Critical Theory in the American University: A Critical Issue, Part Two

This material depends on familiarity with  Part One. Please read that before proceeding here.

David Roediger is a White professor of African American studies at the University of Illinois. He is a leading voice in the White abolitionist movement, as it is called: “It is not merely that whiteness is oppressive and false,” he asserts, “it’s that whiteness is nothing but oppressive and false.”  As does Peter McClaren (see Part One), Roediger proposes that Whites become “race traitors.”13 He is best known for his book, Wages of Whiteness: Race and the Making of the American Working Class.14 In it, he draws on Marxist ideology and psychoanalysis to sketch the development of racism in the American White working class during the nineteenth century. The book is arguably legitimate academic scholarship. That said, it comes down to portraying Blacks as victims and painting White working people negatively as racists: that’s who they are. That is not the only defensible way to perceive either labor history or the White working class.
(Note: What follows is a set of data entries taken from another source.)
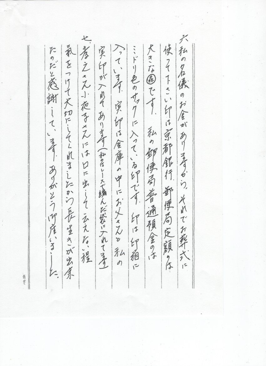 10)今は亡き母の生きがい。書類の整理と処分をしていたら、母の遺言書が混じっていた。生前は、時には妻を「鬼嫁」呼ばわりしたり、「飯焚きババァじゃあるまい」と毒づいたりしていた。その母が、その七番目で、感謝の言葉を綴っていた。この度、改めて(母は平成12年初夏に死んだ。この遺言書は予期せぬところから出てきたので、7年後に第3者も交えて開封し)読んでいる。
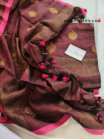Pure export quality Joyshree Linen with polka dot all over zari weaving suits wine
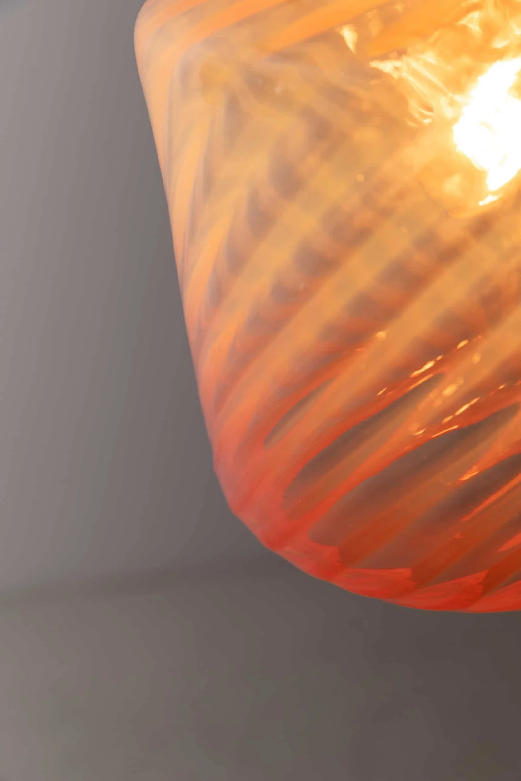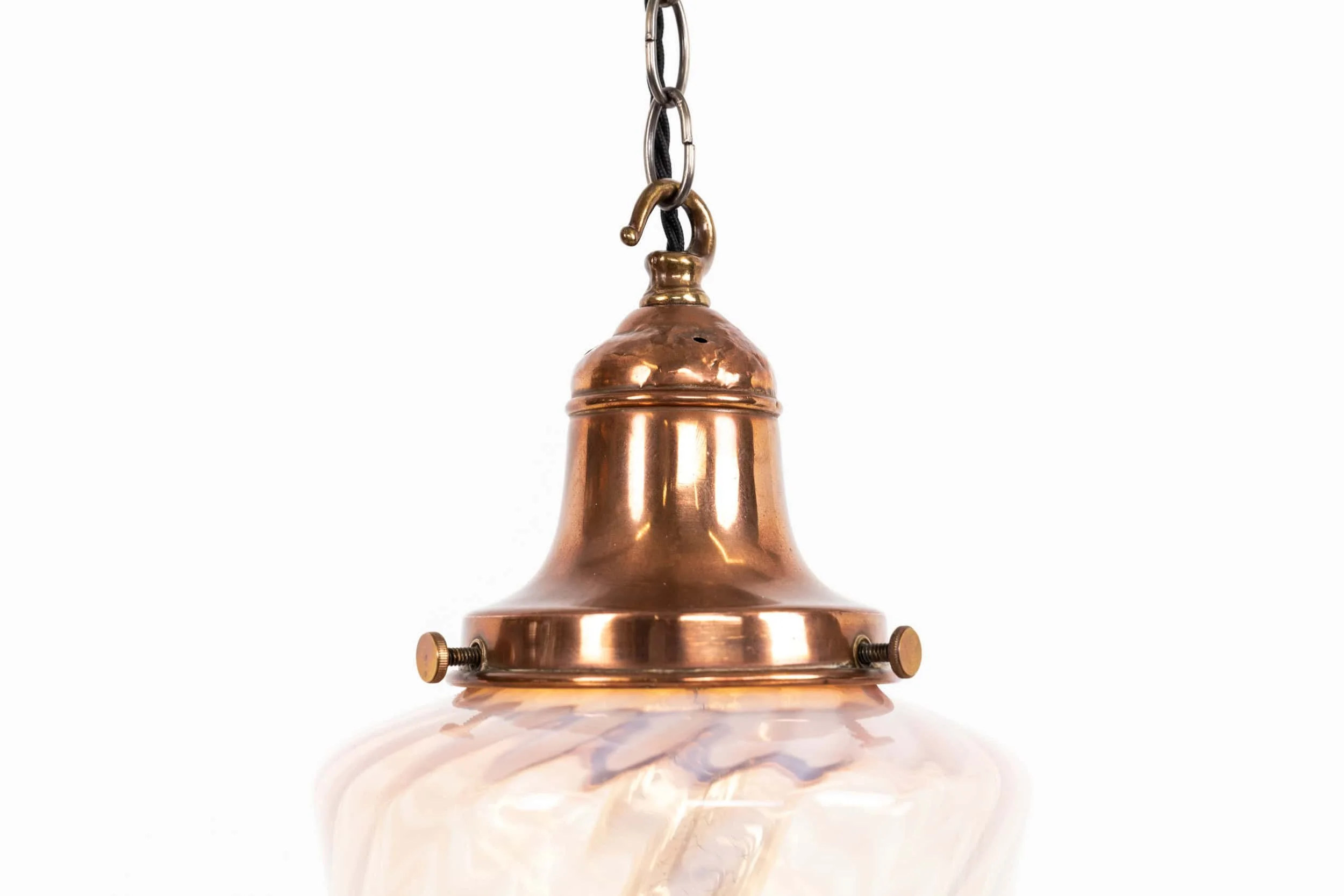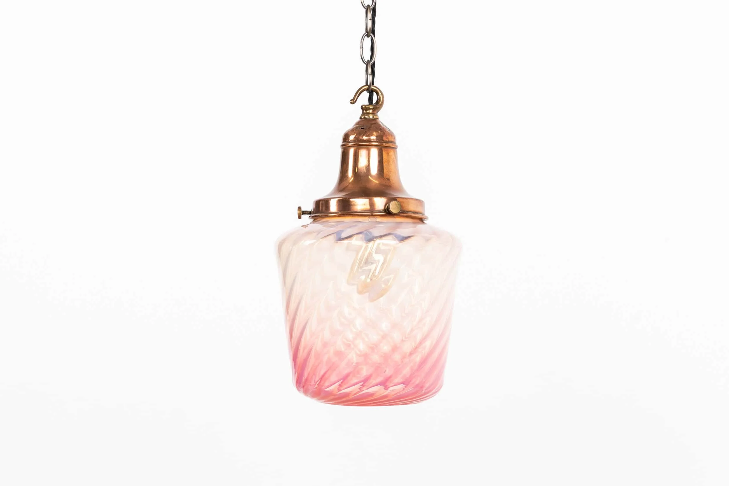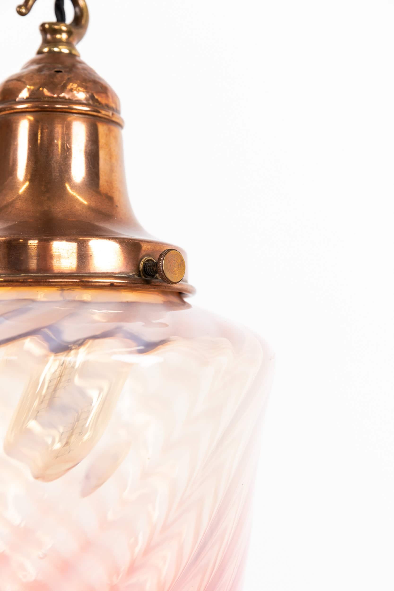 Hand‑worked swirled glass with a striking pink gradient, the colour shifting beautifully when lit. Finished with a period copper gallery that complements the warmth of the glass without competing with it. A lively, sculptural example of 1920s decorative glasswork.
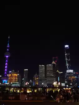 On the other: the glowing skyscrapers of Pudong lighting up the night like a sci-fi movie set.
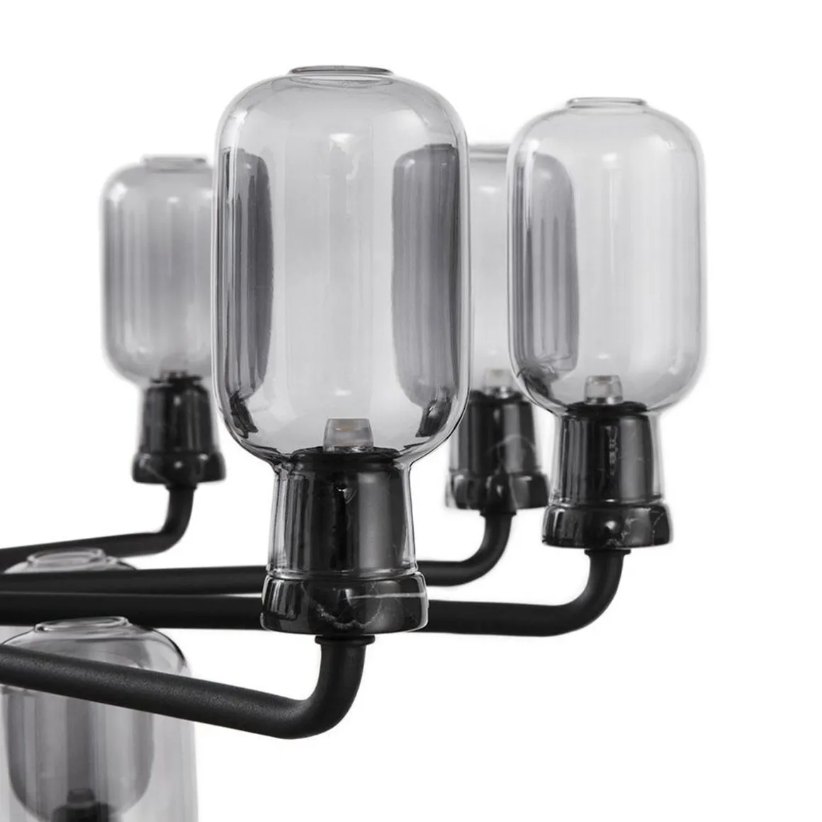 Un design spectaculaire a été ajouté à la collection d’éclairage Amp par le designer danois Simon Legald. Tout comme les modèles existants dans la collection, le lustre Amp est fabriqué à partir d’une combinaison raffinée de marbre massif et de verre léger. Le lustre est construit autour d’un cylindre en acier central, à partir duquel de petits bras poussent pour former une forme ovale volumineuse. Chaque bras est couronné par une version miniature de la lampe de table Amp qui, en vertu de la répétition, respire la vie dans une lampe sculpturale et dramatique.

If students only encounter this Roediger book, which is how it works in universities these days, they could well assume that this is the definitive take on White identity—overall, not just among working class Whites—and that what was true, or purported to be true, in the nineteenth century still prevails today. That is to say, that the problem in race relations is White racist animosity and feelings of superiority toward African Americans and desires to suppress or hurt them, which is the basic thrust of the Roediger book.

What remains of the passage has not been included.